H2OhNo!
This Tutorial is Retired!
This tutorial covers concepts or technologies that are no longer current. It's still here for you to read and enjoy, but may not be as useful as our newest tutorials.
Low-Power ATtiny
The firmware behind H2OhNo! is simple in theory and long in practice. We need to establish that when water is present then sound the alarm. But what do we do for the weeks and months when there is no water detected? Let's go to sleep and save power!
We've written some lengthier tutorials on getting the ATmega328 into very low power sleep. In this tutorial we will show you how to get the ATtiny into sleep mode as well.
Under normal conditions the ATtiny will consume 10-12mA running at 8MHz. Assuming the CR2032 battery contains 200mAh, that gives us (200mAh / 20mA) 10 hours of run time. Pretty good. But what if I told you I could get you 4,000 hours?
Watchdog Sleepy Time
The ATtiny can reach about 1uA in low-power sleep. Because we only need to periodically check for water let's put the ATtiny into sleep and wake it up every once and awhile.
A watchdog timer is good for two things:
- A watchdog can reset the processor when it gets locked into an endless loop - also known as going off into the weeds. This is a good way to protect a project needs to run all the time without user intervention. If the device ever gets locked up, the watchdog can cause the system to reset and (hopefully) return to regular operation.
- A watchdog can wake the processor from deep sleep. When we put a microcontroller into deep sleep, we can use the watchdog timer as an interrupt, causing the processor to return to normal 8MHz (without a full reset).
The watchdog is just a counter. When that counter gets to the size the user specifies, the processor will either reset or an interrupt will fire. Reset can be useful (as explained above), but an interrupt is what we need.
This table is key to the whole operation. If the watchdog is enabled (WDE) and the watchdog interrupt enable (WDIE) is not set, then the processor will reset. However, if the interrupt enable is set (WDIE = 1), then an interrupt occurs. As long as we set WDIE before we go to sleep, we'll wake up from an interrupt, and the program will continue from the point in the code where the sleep command was issued.

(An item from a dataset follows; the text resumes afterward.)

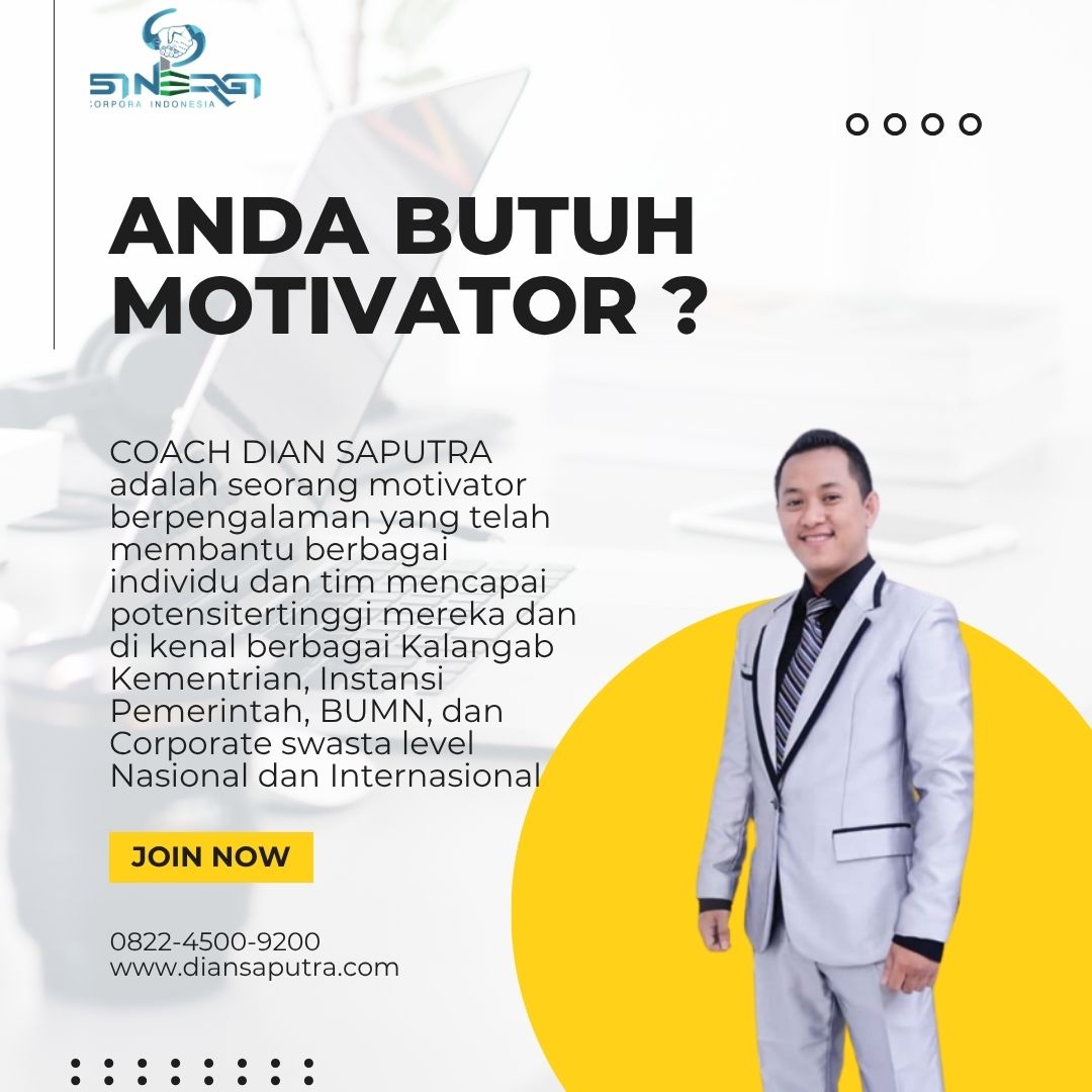 Anda Berada di Info Yang Tepat. Dian Saputra adalah seorang Motivator sekaligus Trainer sinergi corpora Indonesia yang sudah berpengalaman selama 13 Tahun. Coach Dian Saputra selalu memberikan materi yang fun dan Berdampak guna meningkatkan kinerja dan produktivitas SDM di Bisnis Anda. Coach Dian Saputra dikenal oleh Kalangan Corporate Seperti BUMN, Dinas Pemerintah, Kementerian, Hingga Corporate Swasta Lainnya berskala Nasional dan Internasional.

Here's the program operation we're aiming for:
- Go to sleep for a few seconds
- When the watchdog counter overflows use the interrupt to wake us up (not reset)
- Once awake, take a analog reading to check for water
- If there's no water, go back to sleep until the watchdog wakes us up again
Additional information about how to configure the watchdog timer can be found on the AVR Libc page on sleep.h. While sleep.h is good for getting us to sleep, it was Lab III's tutorial that provided the code that allows us to use the watchdog without resetting.
Here's the basic code that puts the ATtiny to sleep in the main loop():
language:c
setup_watchdog(6); //Setup watchdog to go off after 1sec
sleep_mode(); //Go to sleep! Wake up 1sec later and check water
Putting the ATtiny to sleep for a second then waking up and doing something means it will be at 0.250mA for 1sec and 10mA for 0.0001 second. Overall, this is much lower power than the original 10mA.
But we can go even lower! There are a few peripherals that also use power, namely the analog to digital converter. Because we will not be doing any ADC while sleeping, we can shut it down as well:
language:c
void loop()
{
ADCSRA &= ~(1<<ADEN); //Disable ADC, saves ~230uA
setup_watchdog(6); //Setup watchdog to go off after 1sec
sleep_mode(); //Go to sleep! Wake up 1sec later and check water
ADCSRA |= (1<<ADEN); //Enable ADC
//Now check for water!
checkForWater();
}
This is basically how H2OhNo! works. Power everything off, go to sleep, wakeup, do something useful (check for water), go back to sleep. By disabling the ADC during sleep, we can get the sleep current consumption down to 5uA! That's 0.005mA, or 2000 times lower than our original rate.
Remember that while the ATtiny is doing work (checking for water or making noise or blinking an LED) it will use the normal 10mA while it's awake. So between sleeping at 0.005mA and doing work every second at 10mA, on average we found the H2OhNo! uses about 50uA. That means on a 200mAh coin cell we should expect the board to run for (200mAh / 0.050mA = ) 4,000 hours or about 167 days.
The H2OhNo! will wake up every second and check for water. This is probably far more often than a real-world application needs. The longest period the watchdog can be configured to fire is 8 seconds. To sleep for longer periods of time and squeeze even longer battery life from your board, try using a counter within the watchdog interrupt:
language:c
//This runs each time the watch dog wakes us up from sleep
ISR(WDT_vect) {
watchdog_counter++;
}
void loop()
{
sleep_mode(); //Go to sleep!
if(watchdog_counter > 30)
{
watchdog_counter = 0;
alarmSound(); //Make noise!!
digitalWrite(buzzer1, LOW);
digitalWrite(buzzer2, LOW);
}
}
This will wake the board up every second but immediately go back to sleep until 30 seconds have gone by.